▸ **The task**: Starting at the line that contains "ရရှိကြသည့် ပုဂ္ဂိုလ်များနှင့်မိသားစုဝင်များ တက်ရောက်ကြသည်။" and ending at the line that contains "This Mnandi features", the lines below are to be given again exactly, with nothing added.

▸ **Data for this exercise**:
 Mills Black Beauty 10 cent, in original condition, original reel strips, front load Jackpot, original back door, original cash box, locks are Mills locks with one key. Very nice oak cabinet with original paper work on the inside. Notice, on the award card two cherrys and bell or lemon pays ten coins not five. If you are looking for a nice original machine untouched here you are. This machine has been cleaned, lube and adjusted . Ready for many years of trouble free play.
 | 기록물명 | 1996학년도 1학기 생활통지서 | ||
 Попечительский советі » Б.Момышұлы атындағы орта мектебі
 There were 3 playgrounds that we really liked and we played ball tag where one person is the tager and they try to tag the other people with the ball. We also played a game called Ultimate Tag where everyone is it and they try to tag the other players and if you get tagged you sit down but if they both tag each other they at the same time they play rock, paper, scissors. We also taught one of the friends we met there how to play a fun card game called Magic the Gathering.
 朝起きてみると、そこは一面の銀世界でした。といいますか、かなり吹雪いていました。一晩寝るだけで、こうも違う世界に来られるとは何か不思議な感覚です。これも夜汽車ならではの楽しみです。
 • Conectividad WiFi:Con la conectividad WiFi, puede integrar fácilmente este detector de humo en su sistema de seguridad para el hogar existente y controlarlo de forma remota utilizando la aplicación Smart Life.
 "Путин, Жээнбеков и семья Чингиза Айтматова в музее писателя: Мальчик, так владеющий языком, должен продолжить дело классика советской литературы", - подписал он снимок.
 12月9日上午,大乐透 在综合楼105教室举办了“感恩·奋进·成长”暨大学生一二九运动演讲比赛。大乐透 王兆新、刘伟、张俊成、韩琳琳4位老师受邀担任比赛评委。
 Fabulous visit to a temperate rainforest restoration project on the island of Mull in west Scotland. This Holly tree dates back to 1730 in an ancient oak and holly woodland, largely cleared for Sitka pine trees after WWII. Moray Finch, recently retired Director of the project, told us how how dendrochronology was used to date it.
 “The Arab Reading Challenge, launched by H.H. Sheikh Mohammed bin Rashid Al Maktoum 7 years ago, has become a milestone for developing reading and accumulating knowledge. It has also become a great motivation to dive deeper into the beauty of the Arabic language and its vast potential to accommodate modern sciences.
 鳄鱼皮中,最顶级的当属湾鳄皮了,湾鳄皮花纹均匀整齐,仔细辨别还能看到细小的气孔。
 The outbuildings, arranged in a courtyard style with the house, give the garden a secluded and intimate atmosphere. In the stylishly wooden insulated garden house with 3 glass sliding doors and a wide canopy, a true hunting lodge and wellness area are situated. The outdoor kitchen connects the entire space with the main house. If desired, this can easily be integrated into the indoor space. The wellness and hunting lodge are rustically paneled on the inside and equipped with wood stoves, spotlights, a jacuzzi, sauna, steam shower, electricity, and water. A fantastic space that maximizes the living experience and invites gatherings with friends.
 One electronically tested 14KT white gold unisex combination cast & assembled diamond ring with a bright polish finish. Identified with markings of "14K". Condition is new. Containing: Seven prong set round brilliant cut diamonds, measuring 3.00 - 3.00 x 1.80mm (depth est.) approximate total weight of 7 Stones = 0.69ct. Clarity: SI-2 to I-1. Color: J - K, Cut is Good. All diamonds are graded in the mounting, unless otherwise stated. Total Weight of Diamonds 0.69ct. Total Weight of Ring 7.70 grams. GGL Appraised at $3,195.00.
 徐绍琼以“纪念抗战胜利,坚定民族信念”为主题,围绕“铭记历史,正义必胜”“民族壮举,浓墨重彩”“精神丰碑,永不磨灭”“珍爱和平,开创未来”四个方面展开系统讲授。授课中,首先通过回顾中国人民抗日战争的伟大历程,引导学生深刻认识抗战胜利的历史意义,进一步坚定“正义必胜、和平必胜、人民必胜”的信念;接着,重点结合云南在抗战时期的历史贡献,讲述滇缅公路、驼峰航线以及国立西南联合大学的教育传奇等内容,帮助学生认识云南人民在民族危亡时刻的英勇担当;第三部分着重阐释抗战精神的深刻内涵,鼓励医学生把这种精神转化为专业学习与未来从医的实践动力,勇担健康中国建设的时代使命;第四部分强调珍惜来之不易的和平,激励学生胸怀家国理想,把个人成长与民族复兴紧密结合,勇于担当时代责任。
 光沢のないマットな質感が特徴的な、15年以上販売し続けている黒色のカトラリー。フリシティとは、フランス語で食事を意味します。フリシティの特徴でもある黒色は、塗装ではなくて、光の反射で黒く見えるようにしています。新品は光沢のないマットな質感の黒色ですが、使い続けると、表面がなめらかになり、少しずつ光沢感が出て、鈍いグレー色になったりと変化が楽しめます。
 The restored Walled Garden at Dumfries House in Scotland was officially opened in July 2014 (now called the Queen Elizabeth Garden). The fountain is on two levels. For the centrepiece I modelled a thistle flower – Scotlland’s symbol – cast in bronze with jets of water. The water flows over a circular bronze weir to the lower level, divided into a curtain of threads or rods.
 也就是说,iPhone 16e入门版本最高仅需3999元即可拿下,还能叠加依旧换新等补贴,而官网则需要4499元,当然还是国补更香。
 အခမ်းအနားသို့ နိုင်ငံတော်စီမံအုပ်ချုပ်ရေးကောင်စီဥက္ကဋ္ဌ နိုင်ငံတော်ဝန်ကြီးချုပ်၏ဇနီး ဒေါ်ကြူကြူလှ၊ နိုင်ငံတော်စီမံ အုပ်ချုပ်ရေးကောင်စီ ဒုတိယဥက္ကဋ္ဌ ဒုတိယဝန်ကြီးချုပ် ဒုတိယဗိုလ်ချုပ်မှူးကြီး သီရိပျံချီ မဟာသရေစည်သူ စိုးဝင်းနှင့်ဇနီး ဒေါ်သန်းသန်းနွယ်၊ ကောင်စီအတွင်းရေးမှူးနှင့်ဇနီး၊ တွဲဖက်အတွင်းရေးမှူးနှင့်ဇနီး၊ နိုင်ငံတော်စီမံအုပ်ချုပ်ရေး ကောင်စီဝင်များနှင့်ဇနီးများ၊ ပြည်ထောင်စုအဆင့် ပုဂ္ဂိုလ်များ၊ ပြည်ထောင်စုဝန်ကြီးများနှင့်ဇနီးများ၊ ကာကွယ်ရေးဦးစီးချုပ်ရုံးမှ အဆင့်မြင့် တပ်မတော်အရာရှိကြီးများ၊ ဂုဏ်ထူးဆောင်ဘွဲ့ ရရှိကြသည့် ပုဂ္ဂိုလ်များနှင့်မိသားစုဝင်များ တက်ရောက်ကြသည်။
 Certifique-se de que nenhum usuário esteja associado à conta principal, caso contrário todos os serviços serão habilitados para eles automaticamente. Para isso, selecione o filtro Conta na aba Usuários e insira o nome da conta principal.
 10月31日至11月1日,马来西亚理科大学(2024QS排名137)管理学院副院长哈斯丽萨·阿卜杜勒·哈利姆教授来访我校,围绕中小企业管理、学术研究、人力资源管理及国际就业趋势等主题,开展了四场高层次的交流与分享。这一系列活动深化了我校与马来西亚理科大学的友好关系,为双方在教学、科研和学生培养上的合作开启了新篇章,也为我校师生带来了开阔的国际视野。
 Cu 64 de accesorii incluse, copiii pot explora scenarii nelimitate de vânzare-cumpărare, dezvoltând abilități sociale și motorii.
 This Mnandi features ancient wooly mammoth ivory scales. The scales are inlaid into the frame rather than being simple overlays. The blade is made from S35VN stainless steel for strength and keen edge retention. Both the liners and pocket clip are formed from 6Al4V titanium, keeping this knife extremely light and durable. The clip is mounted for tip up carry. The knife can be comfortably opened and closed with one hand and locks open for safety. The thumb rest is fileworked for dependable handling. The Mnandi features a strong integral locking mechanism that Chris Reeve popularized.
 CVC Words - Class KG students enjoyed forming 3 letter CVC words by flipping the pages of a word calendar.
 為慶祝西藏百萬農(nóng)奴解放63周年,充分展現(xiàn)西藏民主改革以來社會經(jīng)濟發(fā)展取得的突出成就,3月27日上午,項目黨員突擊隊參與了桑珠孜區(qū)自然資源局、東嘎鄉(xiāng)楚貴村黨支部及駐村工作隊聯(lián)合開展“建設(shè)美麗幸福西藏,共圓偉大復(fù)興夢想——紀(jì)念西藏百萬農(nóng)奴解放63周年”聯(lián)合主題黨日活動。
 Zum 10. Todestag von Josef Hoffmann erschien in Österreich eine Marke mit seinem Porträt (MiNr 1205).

▸ **Answer to this exercise**:
 အခမ်းအနားသို့ နိုင်ငံတော်စီမံအုပ်ချုပ်ရေးကောင်စီဥက္ကဋ္ဌ နိုင်ငံတော်ဝန်ကြီးချုပ်၏ဇနီး ဒေါ်ကြူကြူလှ၊ နိုင်ငံတော်စီမံ အုပ်ချုပ်ရေးကောင်စီ ဒုတိယဥက္ကဋ္ဌ ဒုတိယဝန်ကြီးချုပ် ဒုတိယဗိုလ်ချုပ်မှူးကြီး သီရိပျံချီ မဟာသရေစည်သူ စိုးဝင်းနှင့်ဇနီး ဒေါ်သန်းသန်းနွယ်၊ ကောင်စီအတွင်းရေးမှူးနှင့်ဇနီး၊ တွဲဖက်အတွင်းရေးမှူးနှင့်ဇနီး၊ နိုင်ငံတော်စီမံအုပ်ချုပ်ရေး ကောင်စီဝင်များနှင့်ဇနီးများ၊ ပြည်ထောင်စုအဆင့် ပုဂ္ဂိုလ်များ၊ ပြည်ထောင်စုဝန်ကြီးများနှင့်ဇနီးများ၊ ကာကွယ်ရေးဦးစီးချုပ်ရုံးမှ အဆင့်မြင့် တပ်မတော်အရာရှိကြီးများ၊ ဂုဏ်ထူးဆောင်ဘွဲ့ ရရှိကြသည့် ပုဂ္ဂိုလ်များနှင့်မိသားစုဝင်များ တက်ရောက်ကြသည်။
 Certifique-se de que nenhum usuário esteja associado à conta principal, caso contrário todos os serviços serão habilitados para eles automaticamente. Para isso, selecione o filtro Conta na aba Usuários e insira o nome da conta principal.
 10月31日至11月1日,马来西亚理科大学(2024QS排名137)管理学院副院长哈斯丽萨·阿卜杜勒·哈利姆教授来访我校,围绕中小企业管理、学术研究、人力资源管理及国际就业趋势等主题,开展了四场高层次的交流与分享。这一系列活动深化了我校与马来西亚理科大学的友好关系,为双方在教学、科研和学生培养上的合作开启了新篇章,也为我校师生带来了开阔的国际视野。
 Cu 64 de accesorii incluse, copiii pot explora scenarii nelimitate de vânzare-cumpărare, dezvoltând abilități sociale și motorii.
 This Mnandi features ancient wooly mammoth ivory scales. The scales are inlaid into the frame rather than being simple overlays. The blade is made from S35VN stainless steel for strength and keen edge retention. Both the liners and pocket clip are formed from 6Al4V titanium, keeping this knife extremely light and durable. The clip is mounted for tip up carry. The knife can be comfortably opened and closed with one hand and locks open for safety. The thumb rest is fileworked for dependable handling. The Mnandi features a strong integral locking mechanism that Chris Reeve popularized.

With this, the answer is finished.